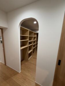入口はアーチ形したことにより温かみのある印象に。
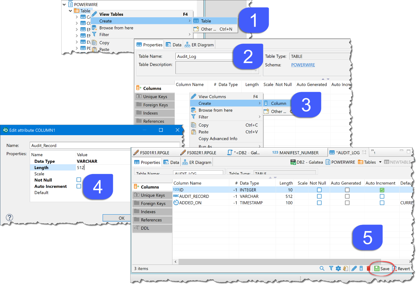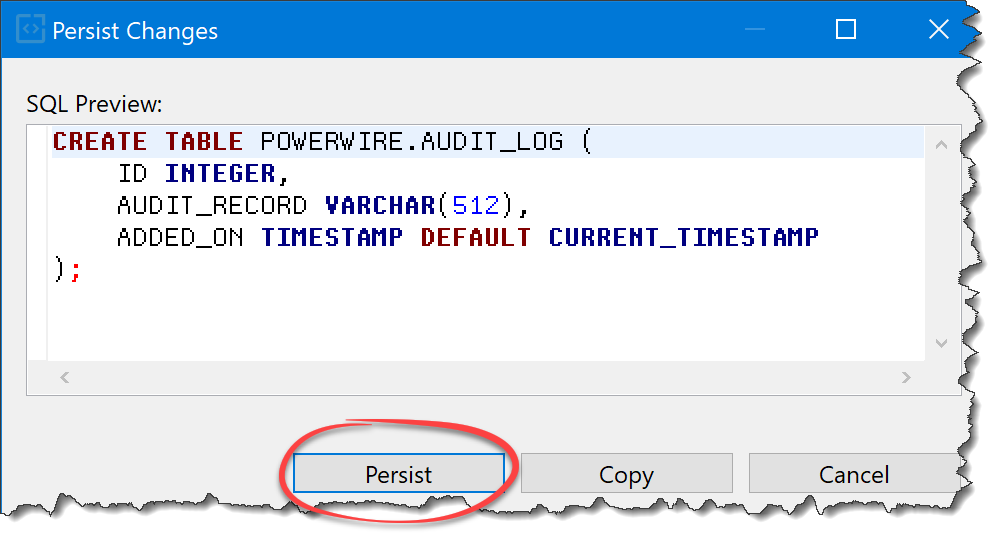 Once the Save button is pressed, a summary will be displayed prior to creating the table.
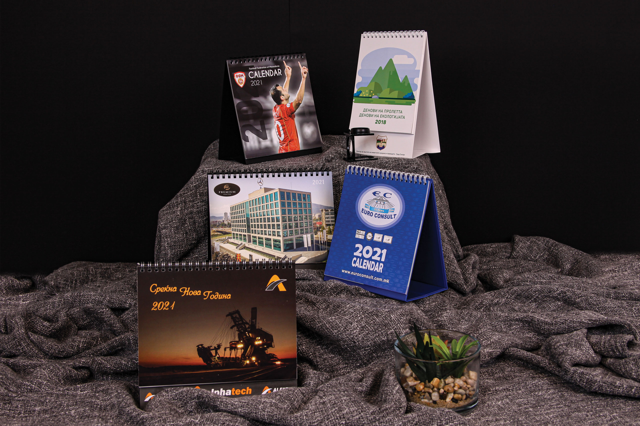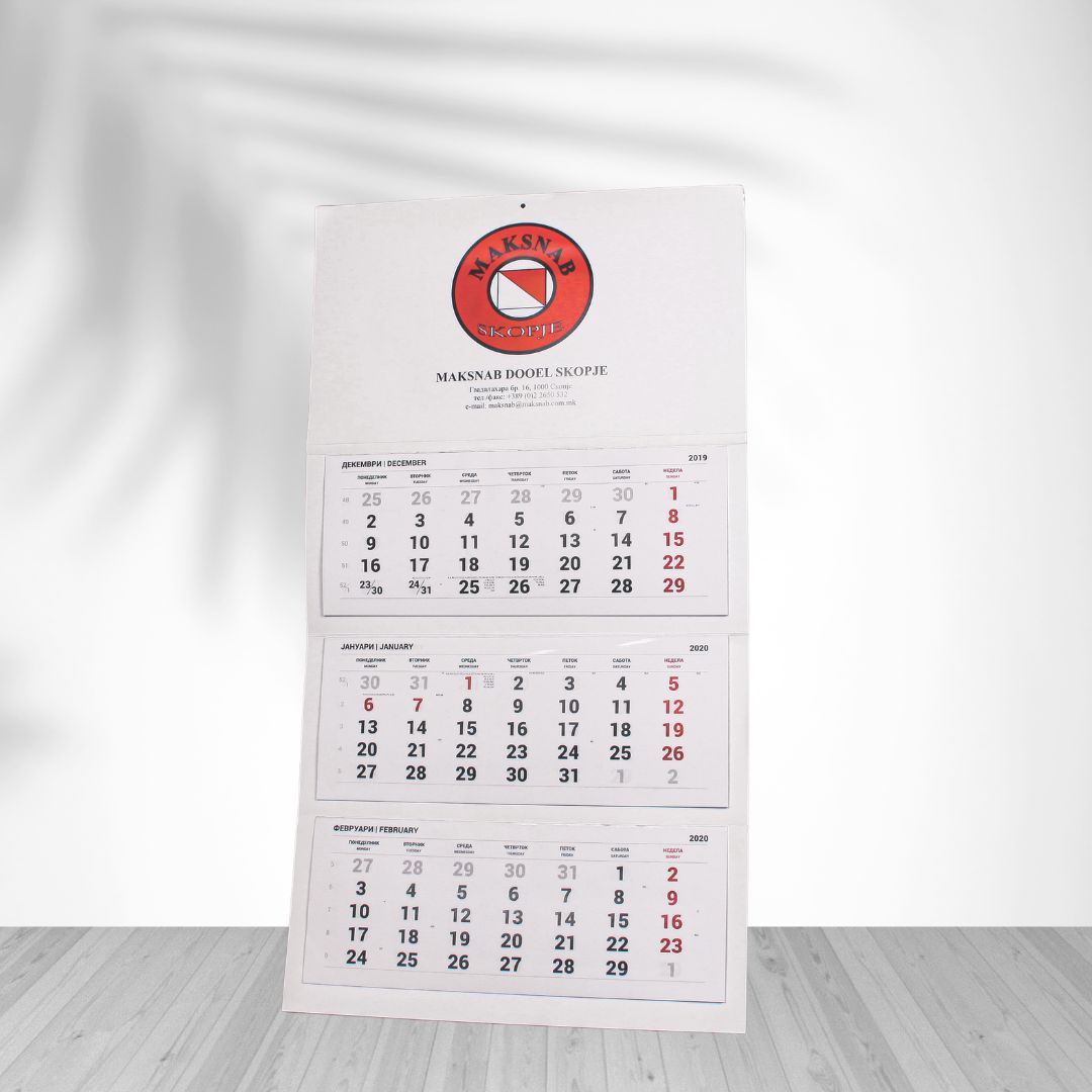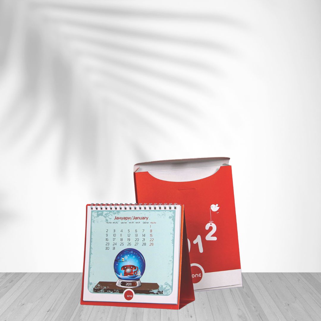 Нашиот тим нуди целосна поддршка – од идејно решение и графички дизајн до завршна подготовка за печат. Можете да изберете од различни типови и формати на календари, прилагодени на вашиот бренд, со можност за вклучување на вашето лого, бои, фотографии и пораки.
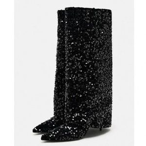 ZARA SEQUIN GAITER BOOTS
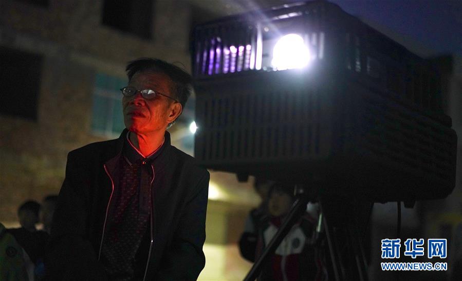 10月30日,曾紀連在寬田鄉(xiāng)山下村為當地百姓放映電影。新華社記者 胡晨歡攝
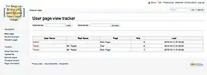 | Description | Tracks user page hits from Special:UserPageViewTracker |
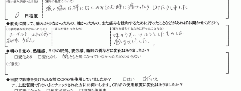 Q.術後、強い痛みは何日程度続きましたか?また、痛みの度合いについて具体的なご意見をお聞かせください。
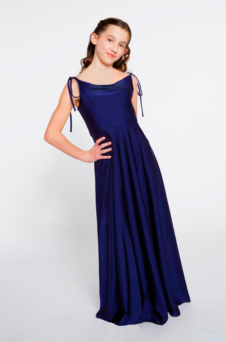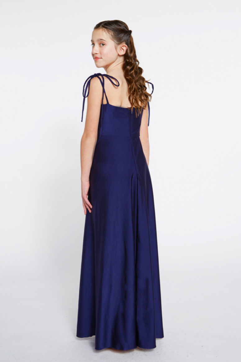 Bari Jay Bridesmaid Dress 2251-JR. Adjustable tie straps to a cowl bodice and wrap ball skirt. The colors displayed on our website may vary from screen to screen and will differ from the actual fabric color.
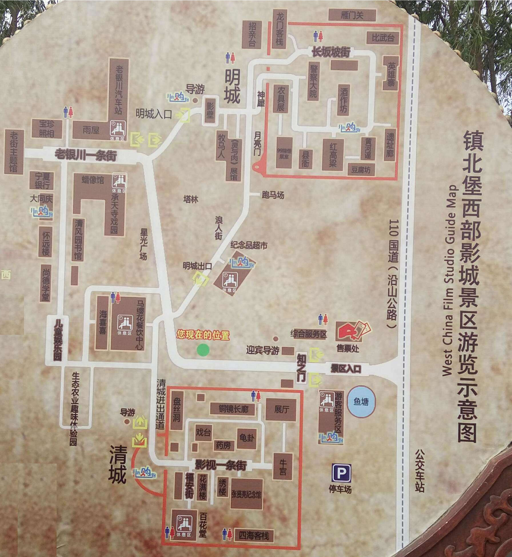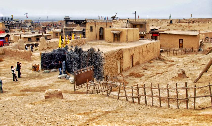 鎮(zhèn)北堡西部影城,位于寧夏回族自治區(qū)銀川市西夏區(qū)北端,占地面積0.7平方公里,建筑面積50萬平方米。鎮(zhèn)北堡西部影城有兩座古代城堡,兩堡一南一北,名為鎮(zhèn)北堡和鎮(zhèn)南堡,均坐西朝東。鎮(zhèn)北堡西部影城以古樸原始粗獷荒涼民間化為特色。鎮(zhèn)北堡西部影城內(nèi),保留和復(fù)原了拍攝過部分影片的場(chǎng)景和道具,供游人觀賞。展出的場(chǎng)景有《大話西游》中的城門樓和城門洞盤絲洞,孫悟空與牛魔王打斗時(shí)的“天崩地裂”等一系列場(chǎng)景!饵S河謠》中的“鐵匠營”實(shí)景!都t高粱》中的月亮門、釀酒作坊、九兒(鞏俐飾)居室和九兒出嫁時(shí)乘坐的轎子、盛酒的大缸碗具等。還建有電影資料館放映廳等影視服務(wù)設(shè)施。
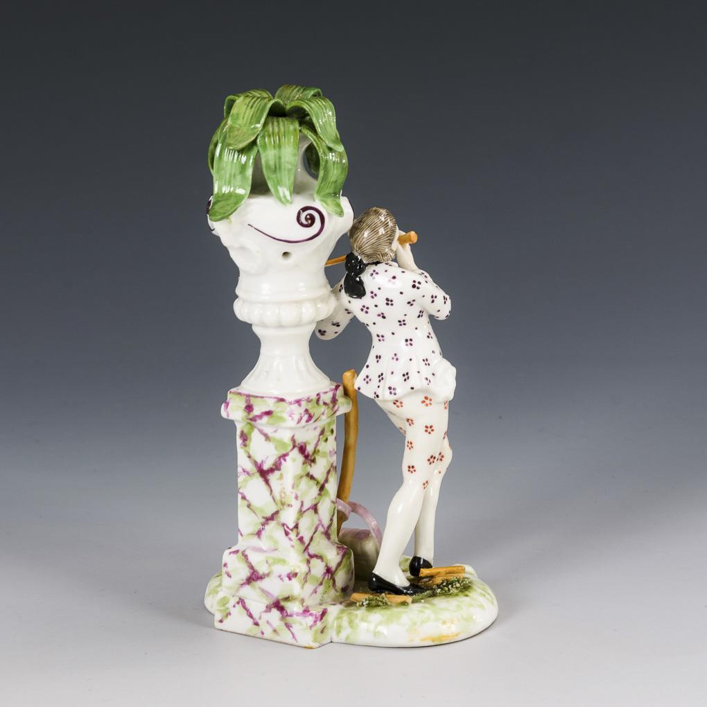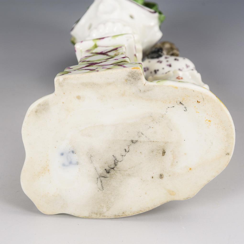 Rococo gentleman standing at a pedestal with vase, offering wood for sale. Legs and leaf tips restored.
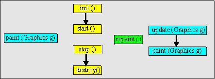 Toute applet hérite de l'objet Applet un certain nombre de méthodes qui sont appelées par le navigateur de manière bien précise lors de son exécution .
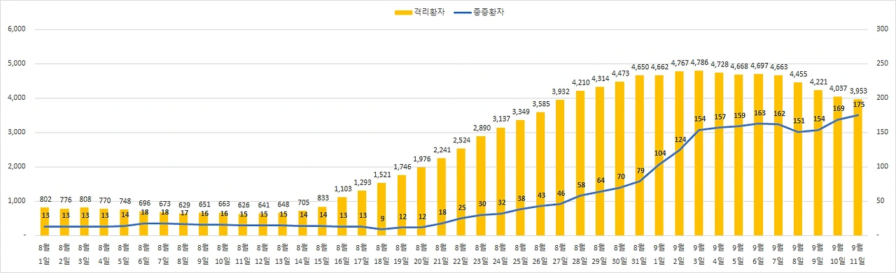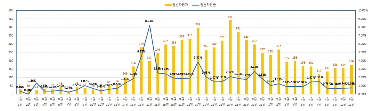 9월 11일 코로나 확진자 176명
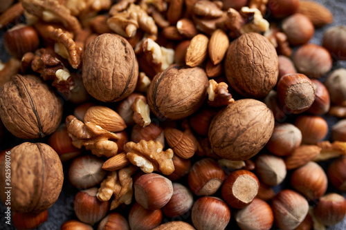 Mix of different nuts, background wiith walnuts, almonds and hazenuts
※
• Work item: Would you transcribe all of the entries above exactly, minus the images?

• Written answer:
入口はアーチ形したことにより温かみのある印象に。
 Once the Save button is pressed, a summary will be displayed prior to creating the table.
 Нашиот тим нуди целосна поддршка – од идејно решение и графички дизајн до завршна подготовка за печат. Можете да изберете од различни типови и формати на календари, прилагодени на вашиот бренд, со можност за вклучување на вашето лого, бои, фотографии и пораки.
 ZARA SEQUIN GAITER BOOTS
 10月30日,曾紀連在寬田鄉(xiāng)山下村為當地百姓放映電影。新華社記者 胡晨歡攝
 | Description | Tracks user page hits from Special:UserPageViewTracker |
 Q.術後、強い痛みは何日程度続きましたか?また、痛みの度合いについて具体的なご意見をお聞かせください。
 Bari Jay Bridesmaid Dress 2251-JR. Adjustable tie straps to a cowl bodice and wrap ball skirt. The colors displayed on our website may vary from screen to screen and will differ from the actual fabric color.
 鎮(zhèn)北堡西部影城,位于寧夏回族自治區(qū)銀川市西夏區(qū)北端,占地面積0.7平方公里,建筑面積50萬平方米。鎮(zhèn)北堡西部影城有兩座古代城堡,兩堡一南一北,名為鎮(zhèn)北堡和鎮(zhèn)南堡,均坐西朝東。鎮(zhèn)北堡西部影城以古樸原始粗獷荒涼民間化為特色。鎮(zhèn)北堡西部影城內(nèi),保留和復(fù)原了拍攝過部分影片的場(chǎng)景和道具,供游人觀賞。展出的場(chǎng)景有《大話西游》中的城門樓和城門洞盤絲洞,孫悟空與牛魔王打斗時(shí)的“天崩地裂”等一系列場(chǎng)景!饵S河謠》中的“鐵匠營”實(shí)景!都t高粱》中的月亮門、釀酒作坊、九兒(鞏俐飾)居室和九兒出嫁時(shí)乘坐的轎子、盛酒的大缸碗具等。還建有電影資料館放映廳等影視服務(wù)設(shè)施。
 Rococo gentleman standing at a pedestal with vase, offering wood for sale. Legs and leaf tips restored.
 Toute applet hérite de l'objet Applet un certain nombre de méthodes qui sont appelées par le navigateur de manière bien précise lors de son exécution .
 9월 11일 코로나 확진자 176명
 Mix of different nuts, background wiith walnuts, almonds and hazenuts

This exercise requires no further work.